This repository provides code for reproducing the figures in the paper:
``Denoising and Regularization via Exploiting the Structural Bias of Convolutional Generators'', by Reinhard Heckel and Mahdi Soltanolkotabi. Contact: [email protected]
The paper is available online here.
- Figure 1: denoising_MSE_curves.ipynb
- Figure 2: denoising_performance_example.ipynb, denoising_bm3d_example.ipynb
- Figure 4,8: noise_vs_img_fitting_different_architectures.ipynb
- Figure 5: linear_least_squares_selective_fitting_warmup.ipynb
- Figure 6: kernels_and_associated_dual_kernels.ipynb
- Figure 7: Jacobian_multi_layer_deep_decoder.ipynb
- Figure 10: image_fitted_faster_than_noise_on_imgnet.ipynb
- Figure 12: Jacobian_inner_product_noisevsimg.ipynb
- Table 1: denoising_imagenet_selected100_paper.ipynb, denoising_bm3d_imagenet_selected100_paper.ipynb
The code is written in python and relies on pytorch. The following libraries are required:
- python 3
- pytorch
- numpy
- skimage
- matplotlib
- scikit-image
- jupyter
The libraries can be installed via:
conda install jupyter
A small part of the code compares performance to the deep image prior. This part requires downloading the models folder from https://github.com/DmitryUlyanov/deep-image-prior.

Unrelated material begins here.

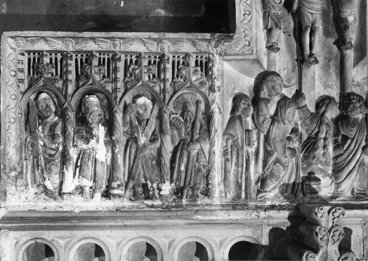 Inscription donnant l'identité du modèle (gravée) : nom des apôtres (au bas des figures).

@article{heckel_denoising_2019,
author = {Reinhard Heckel and Mahdi Soltanolkotabi},
title = {Denoising and Regularization via Exploiting the Structural Bias of Convolutional Generators},
journal = {arXiv:1910.14634 [cs.LG]},
year = {2019}
}
All files are provided under the terms of the Apache License, Version 2.0.